Public schools do not function in a vacuum. Education leaders from the Pre-K level through high school have known this for some time. They have made advancements in reaching beyond their buildings to form strategic partnerships with community, corporate and educational organizations. As a result, graduates are better equipped to earn a college degree and enter the current job market.
Perhaps no one has seen the benefit of such partnerships better than leading female thought leaders. Here are some of their observations on how networking and expanded educational opportunities can be a win-win for communities.
Leading publications urge students to get into STEM (science, technology, engineering and math) education, but what does that look like for the classroom and community? Jodi Prosise, Ph.D., chair of the engineering department at Saint Ambrose University (SAU) in Davenport, Iowa, has been working for years to connect rural students in Iowa and Illinois with STEM careers. She speaks to classrooms about what a career in engineering looks like and how the skills apply across many real-world industries. Guided activities, including design and prototyping projects, summer camps and an engineering carnival, are a few of the successful ways she helps students see the possibilities and value of an engineering degree. As a result of her efforts, the enrollment in SAU engineering programs tripled.
Recreating College for Today's Student
In recent years, college-bound high school graduates have already earned more college-level credits than ever before. Therefore, many of them enter school at a junior level or higher. Martha D. Saunders, President of the University of West Florida, recognizes that dual credit has changed high school's educational environment and would like to see colleges adapt their models to accommodate the trend.

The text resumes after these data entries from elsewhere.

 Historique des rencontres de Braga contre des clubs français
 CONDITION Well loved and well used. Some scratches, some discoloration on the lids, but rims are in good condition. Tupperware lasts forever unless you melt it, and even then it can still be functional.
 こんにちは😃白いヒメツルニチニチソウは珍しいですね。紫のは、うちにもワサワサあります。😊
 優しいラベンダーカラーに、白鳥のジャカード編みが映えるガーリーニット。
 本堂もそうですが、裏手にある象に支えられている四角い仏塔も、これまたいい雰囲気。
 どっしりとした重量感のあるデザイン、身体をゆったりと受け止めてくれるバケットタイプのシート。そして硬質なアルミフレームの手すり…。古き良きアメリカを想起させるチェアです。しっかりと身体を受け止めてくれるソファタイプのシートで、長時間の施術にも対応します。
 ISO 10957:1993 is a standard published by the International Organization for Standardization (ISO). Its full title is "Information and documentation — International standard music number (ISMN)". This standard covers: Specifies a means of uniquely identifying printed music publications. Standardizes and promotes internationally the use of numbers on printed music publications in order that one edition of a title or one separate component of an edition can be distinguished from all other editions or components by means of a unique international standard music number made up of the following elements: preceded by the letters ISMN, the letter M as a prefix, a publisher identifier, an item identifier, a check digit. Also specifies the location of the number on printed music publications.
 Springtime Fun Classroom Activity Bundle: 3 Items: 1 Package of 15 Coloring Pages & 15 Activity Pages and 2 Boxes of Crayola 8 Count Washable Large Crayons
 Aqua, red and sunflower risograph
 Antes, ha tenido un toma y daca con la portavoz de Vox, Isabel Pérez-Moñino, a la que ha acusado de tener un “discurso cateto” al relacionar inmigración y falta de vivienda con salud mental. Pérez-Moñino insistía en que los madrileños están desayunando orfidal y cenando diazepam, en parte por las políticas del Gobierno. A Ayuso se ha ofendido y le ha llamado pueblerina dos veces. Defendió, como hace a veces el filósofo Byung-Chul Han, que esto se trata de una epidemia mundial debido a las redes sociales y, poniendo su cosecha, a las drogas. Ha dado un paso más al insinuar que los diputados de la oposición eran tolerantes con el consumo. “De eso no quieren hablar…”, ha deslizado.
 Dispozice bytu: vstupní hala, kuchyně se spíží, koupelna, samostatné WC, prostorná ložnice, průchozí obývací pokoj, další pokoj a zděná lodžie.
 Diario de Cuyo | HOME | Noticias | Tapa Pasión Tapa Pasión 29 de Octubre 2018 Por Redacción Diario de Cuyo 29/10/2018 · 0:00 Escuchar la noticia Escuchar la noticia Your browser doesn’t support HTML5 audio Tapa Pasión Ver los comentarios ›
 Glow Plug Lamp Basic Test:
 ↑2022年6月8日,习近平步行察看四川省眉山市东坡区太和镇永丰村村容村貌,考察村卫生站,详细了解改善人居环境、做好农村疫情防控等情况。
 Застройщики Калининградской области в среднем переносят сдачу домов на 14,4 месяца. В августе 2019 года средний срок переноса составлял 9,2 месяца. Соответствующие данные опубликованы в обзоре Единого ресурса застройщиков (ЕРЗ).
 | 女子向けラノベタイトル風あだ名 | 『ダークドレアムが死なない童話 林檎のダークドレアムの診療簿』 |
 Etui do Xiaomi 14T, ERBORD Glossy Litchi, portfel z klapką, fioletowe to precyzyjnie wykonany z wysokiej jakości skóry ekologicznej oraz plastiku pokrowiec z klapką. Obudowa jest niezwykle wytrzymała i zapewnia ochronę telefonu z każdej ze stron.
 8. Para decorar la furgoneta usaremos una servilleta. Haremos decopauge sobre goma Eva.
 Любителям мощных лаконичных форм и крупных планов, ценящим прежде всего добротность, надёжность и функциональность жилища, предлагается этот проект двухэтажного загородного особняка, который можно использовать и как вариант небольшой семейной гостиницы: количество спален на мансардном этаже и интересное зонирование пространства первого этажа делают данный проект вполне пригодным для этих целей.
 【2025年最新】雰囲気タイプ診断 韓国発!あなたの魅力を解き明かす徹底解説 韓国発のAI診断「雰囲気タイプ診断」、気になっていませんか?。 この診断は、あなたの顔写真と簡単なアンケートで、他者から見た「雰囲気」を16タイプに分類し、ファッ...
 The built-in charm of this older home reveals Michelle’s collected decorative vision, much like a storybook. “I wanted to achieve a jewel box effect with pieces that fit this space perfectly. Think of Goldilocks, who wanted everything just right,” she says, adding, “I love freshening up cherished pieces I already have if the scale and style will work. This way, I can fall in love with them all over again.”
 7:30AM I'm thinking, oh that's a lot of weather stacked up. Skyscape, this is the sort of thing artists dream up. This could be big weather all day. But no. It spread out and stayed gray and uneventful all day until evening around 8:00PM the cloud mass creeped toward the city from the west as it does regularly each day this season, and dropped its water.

In addition to reviewing the core competencies required for college, President Saunders has placed a high priority on working with companies to create internship programs. This allows students to get a clearer vision of their future interests while learning important skills long before graduation.
Aiming High for Technological Readiness
Limiting tech learning to the classroom is not enough to prepare students for the careers of tomorrow. Shelli Brunswick, COO of the Space Foundation, sees a role for private companies focusing on tech and engineering to directly fund student opportunities through apprenticeship programs and scholarships to camps and workshops. She also sees teacher development as the future of better classroom experiences, including the prioritization of experiential, hands-on learning. Even with these changes, schools cannot do it alone. Brunswick hopes to see continued collaboration with "private enterprise, communities, government agencies, and subject matter experts to build a realistic and pragmatic training foundation to inspire and prepare students."
Are you a woman in education with a strong desire to create change in your school? There are many opportunities for connecting communities, companies and educational groups for the betterment of student outcomes. You could be in a strategic position to advocate for students and help form those partnerships needed to keep kids learning and growing in their classrooms and communities.